→ Work to complete
Leaving the pictures aside, transcribe the data below exactly.

[Collected data entries]
[Start of section]
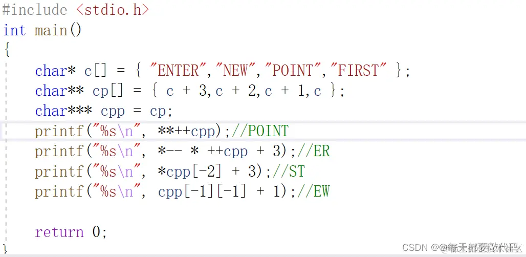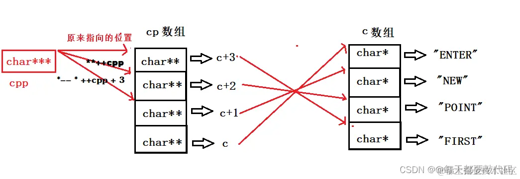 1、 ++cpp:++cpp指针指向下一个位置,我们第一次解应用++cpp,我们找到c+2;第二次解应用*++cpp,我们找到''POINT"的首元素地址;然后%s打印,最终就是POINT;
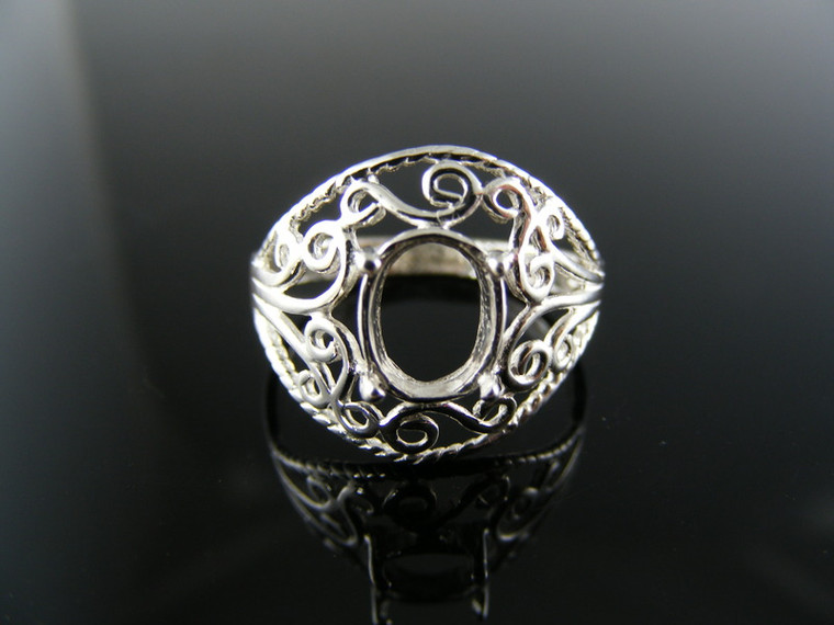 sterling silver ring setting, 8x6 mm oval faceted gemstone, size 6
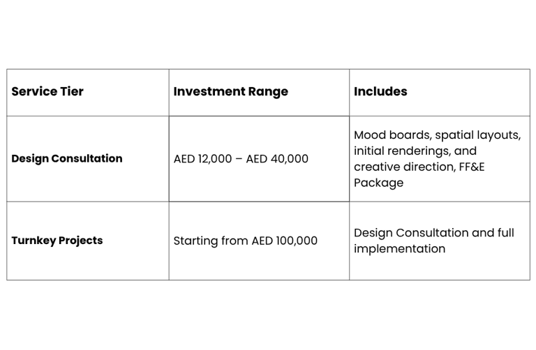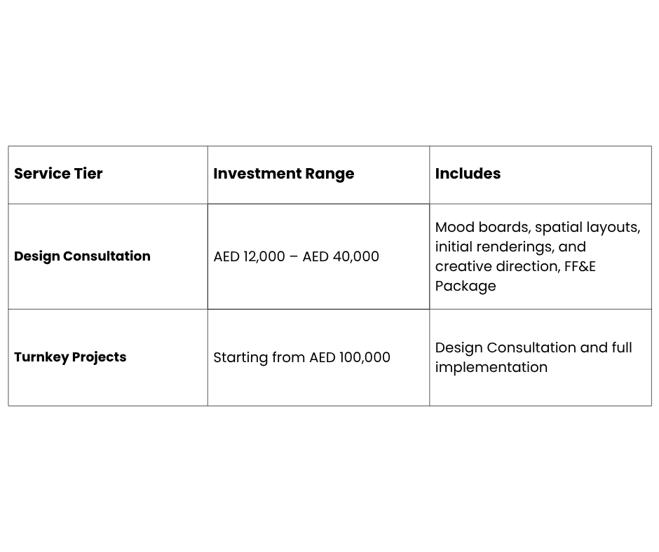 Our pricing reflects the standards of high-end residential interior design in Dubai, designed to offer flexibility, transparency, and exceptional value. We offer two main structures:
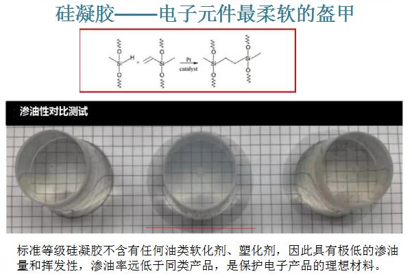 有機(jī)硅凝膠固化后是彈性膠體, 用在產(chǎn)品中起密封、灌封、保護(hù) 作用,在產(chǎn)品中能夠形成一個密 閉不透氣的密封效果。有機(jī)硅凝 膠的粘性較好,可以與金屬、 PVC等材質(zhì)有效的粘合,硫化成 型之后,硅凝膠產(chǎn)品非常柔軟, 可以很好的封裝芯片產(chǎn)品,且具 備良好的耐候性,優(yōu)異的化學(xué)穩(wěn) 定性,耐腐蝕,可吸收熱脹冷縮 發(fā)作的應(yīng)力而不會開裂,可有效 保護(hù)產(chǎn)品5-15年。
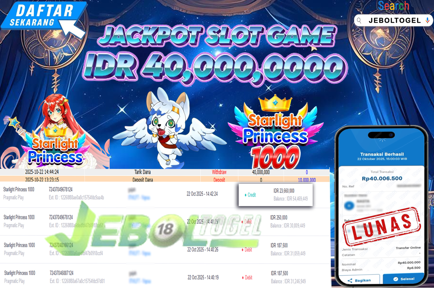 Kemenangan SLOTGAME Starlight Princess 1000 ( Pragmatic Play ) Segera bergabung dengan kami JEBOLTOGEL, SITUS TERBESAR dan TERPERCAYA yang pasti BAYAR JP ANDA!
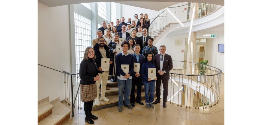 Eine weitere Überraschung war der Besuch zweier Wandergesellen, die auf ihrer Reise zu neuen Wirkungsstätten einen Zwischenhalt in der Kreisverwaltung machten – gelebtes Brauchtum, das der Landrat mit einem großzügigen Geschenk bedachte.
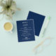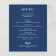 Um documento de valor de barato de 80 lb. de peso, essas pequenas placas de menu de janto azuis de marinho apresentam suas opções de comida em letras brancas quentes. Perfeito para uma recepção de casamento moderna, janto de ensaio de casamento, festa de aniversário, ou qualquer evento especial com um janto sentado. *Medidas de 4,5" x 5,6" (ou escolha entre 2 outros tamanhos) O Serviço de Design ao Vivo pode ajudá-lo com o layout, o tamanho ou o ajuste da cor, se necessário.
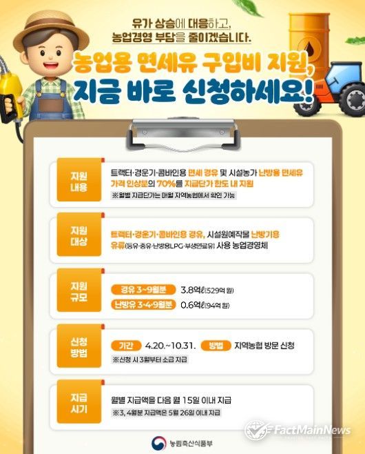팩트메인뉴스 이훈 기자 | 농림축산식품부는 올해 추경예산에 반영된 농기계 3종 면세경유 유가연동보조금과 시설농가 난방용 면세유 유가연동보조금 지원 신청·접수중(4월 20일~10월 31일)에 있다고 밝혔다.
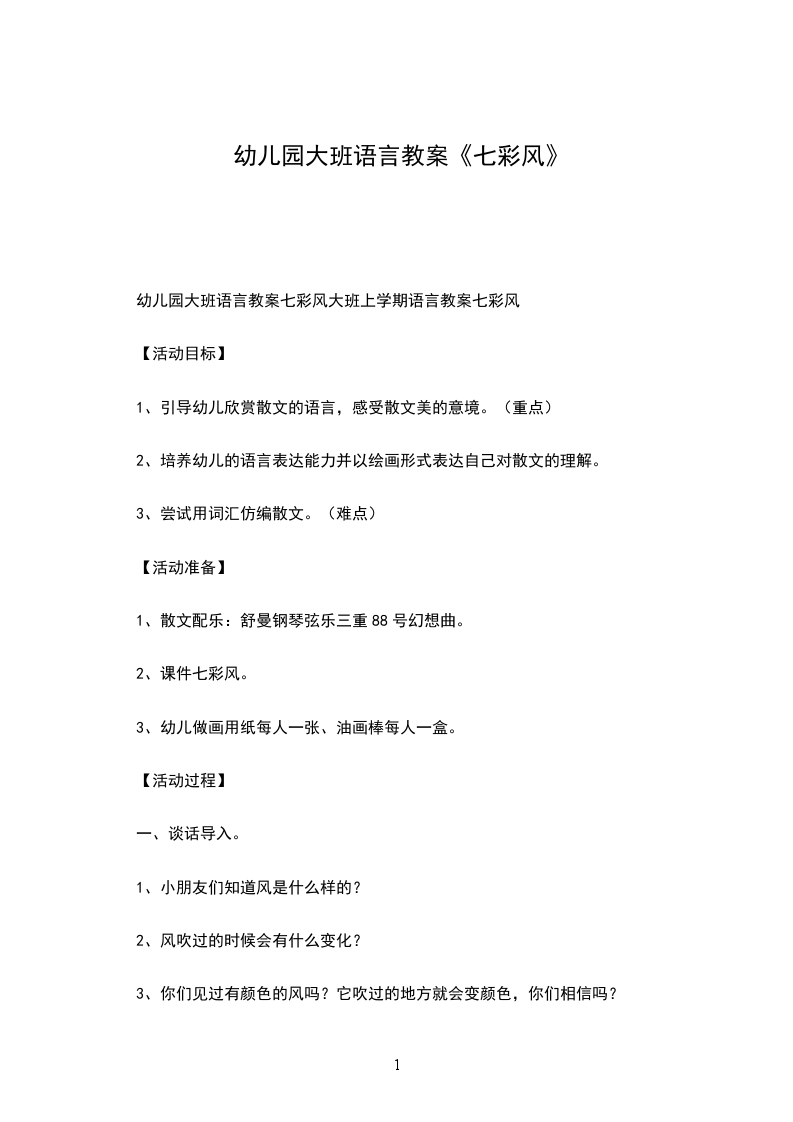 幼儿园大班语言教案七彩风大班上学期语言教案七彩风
[End of section]
→ Response below
 1、 ++cpp:++cpp指针指向下一个位置,我们第一次解应用++cpp,我们找到c+2;第二次解应用*++cpp,我们找到''POINT"的首元素地址;然后%s打印,最终就是POINT;
 sterling silver ring setting, 8x6 mm oval faceted gemstone, size 6
 Our pricing reflects the standards of high-end residential interior design in Dubai, designed to offer flexibility, transparency, and exceptional value. We offer two main structures:
 有機(jī)硅凝膠固化后是彈性膠體, 用在產(chǎn)品中起密封、灌封、保護(hù) 作用,在產(chǎn)品中能夠形成一個密 閉不透氣的密封效果。有機(jī)硅凝 膠的粘性較好,可以與金屬、 PVC等材質(zhì)有效的粘合,硫化成 型之后,硅凝膠產(chǎn)品非常柔軟, 可以很好的封裝芯片產(chǎn)品,且具 備良好的耐候性,優(yōu)異的化學(xué)穩(wěn) 定性,耐腐蝕,可吸收熱脹冷縮 發(fā)作的應(yīng)力而不會開裂,可有效 保護(hù)產(chǎn)品5-15年。
 Kemenangan SLOTGAME Starlight Princess 1000 ( Pragmatic Play ) Segera bergabung dengan kami JEBOLTOGEL, SITUS TERBESAR dan TERPERCAYA yang pasti BAYAR JP ANDA!
 Eine weitere Überraschung war der Besuch zweier Wandergesellen, die auf ihrer Reise zu neuen Wirkungsstätten einen Zwischenhalt in der Kreisverwaltung machten – gelebtes Brauchtum, das der Landrat mit einem großzügigen Geschenk bedachte.
 Um documento de valor de barato de 80 lb. de peso, essas pequenas placas de menu de janto azuis de marinho apresentam suas opções de comida em letras brancas quentes. Perfeito para uma recepção de casamento moderna, janto de ensaio de casamento, festa de aniversário, ou qualquer evento especial com um janto sentado. *Medidas de 4,5" x 5,6" (ou escolha entre 2 outros tamanhos) O Serviço de Design ao Vivo pode ajudá-lo com o layout, o tamanho ou o ajuste da cor, se necessário.
팩트메인뉴스 이훈 기자 | 농림축산식품부는 올해 추경예산에 반영된 농기계 3종 면세경유 유가연동보조금과 시설농가 난방용 면세유 유가연동보조금 지원 신청·접수중(4월 20일~10월 31일)에 있다고 밝혔다.
 幼儿园大班语言教案七彩风大班上学期语言教案七彩风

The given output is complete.